In the process of growth and development, edible fungi synthesize and secrete extracellular enzymes to obtain nutrients necessary for their own growth. The activity of these enzymes affects the absorption and utilization rate of nutrients by edible fungi [13]. Furthermore, it determines the yield and quality of edible fungi. The mycelium of edible fungi degrades cellulose into monosaccharides through enzyme catalysis, providing nutrition for self-extension [14]. By examining the extracellular enzyme activity of edible fungi under different conditions, we can understand the decomposition degree and activity, and create an optimal environment for the growth of hyphae and sporangia [15]. Researchers investigated the changes in extracellular enzyme activity and fruiting body development at different stages of the Lentinus edodes growth cycle using spectroscopy. They observed a significant relationship between the change in extracellular enzyme activity and the growth of Lentinus edodes [16]. Similarly, the changes in extracellular enzyme activity of Pleurotus eryngii were studied under environmental stress. It was found that the mycelium of Pleurotus eryngii could secrete these enzymes to maintain active oxygen metabolism balance and protect the membrane structure, allowing the fruiting body to withstand stress to a certain extent [17]. Different strains have different abilities in lignin degradation, and it was discovered that laccase activity correlates positively with the rate of lignin degradation [18]. The metabolome refers to a collection of small molecular compounds that participate in an organism’s metabolism, aiding in normal growth, function, and development [19]. Currently, metabonomics is used in various aspects of edible fungi research [20–22].

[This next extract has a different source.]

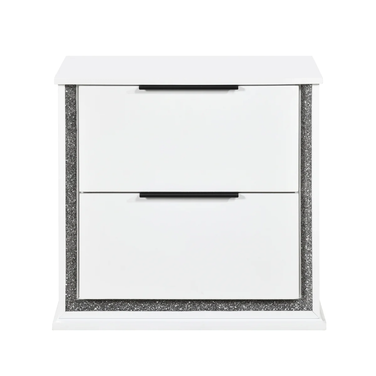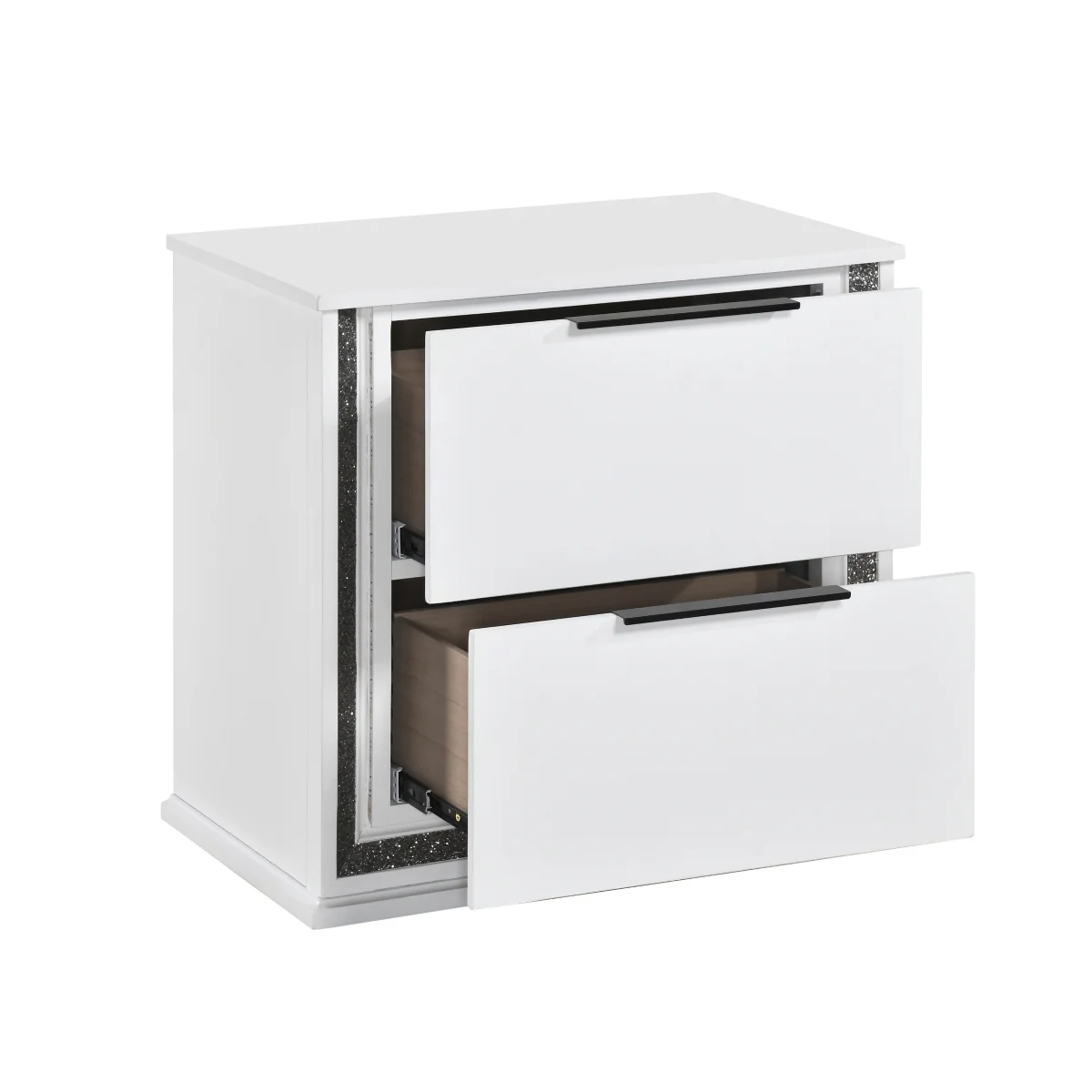Constructed from high-quality wood, this nightstand boasts a sturdy and durable design that will withstand the test of time. The white wood tone gives it a clean and crisp look that will complement any bedroom décor. Whether you're looking to add a touch of glamour or simply need a reliable and functional nightstand, this piece is sure to meet your needs.

The present study aimed to investigate the impact of zinc sulfate on the growth of Pholiota adiposa utilizing enzymology and metabolomics techniques. The aim is to identify the concentration that indicates high activity and analyze the correlation between them. Regression analysis, principal component analysis, and evaluation scores are conducted to provide a reference basis for optimal culture conditions and utilization of edible fungi.
Materials and methods
Materials and chemicals
Pholiota adiposa was selected by the Breeding Laboratory of the Institute of Edible Fungi at the Liaoning Academy of Agricultural Sciences; Glucose, peptone, Agar, potassium dihydrogen phosphate, sodium dihydrogen phosphate, and zinc sulfate are all analytically pure, that were purchased from National Pharmaceutical Group Chemical Reagent Co., Ltd; HH-3A single-row single-control three-hole water bath pot is purchased from Changzhou Guoyu Instrument Manufacturing Co., Ltd; Electronic balance is purchased from Mettler-Toledo Instrument Co., Ltd; Ultrasonic cleaner is purchased from Kunshan Ultrasonic Instrument Co., Ltd; HZQ-QX full-temperature oscillator is purchased from Harbin Donglian Electronic Technology Development Co., Ltd; Dry heat disinfection box is purchased from Shanghai Jinghong Experimental Equipment Co., Ltd; The A11 high-speed pulverizer was purchased from IKA Group in Germany, the ultra-pure water system in Cascada laboratory was purchased from Pall Corporation, and the enzyme-labeled analyzer Infinite F50 was purchased from Tecan in Switzerland; The activities of amylase, laccase, cellulase, catalase, peroxidase, and superoxide dismutase were determined using a kit provided by Solebo Biological Reagent Co., Ltd., and the assays were performed according to the instructions.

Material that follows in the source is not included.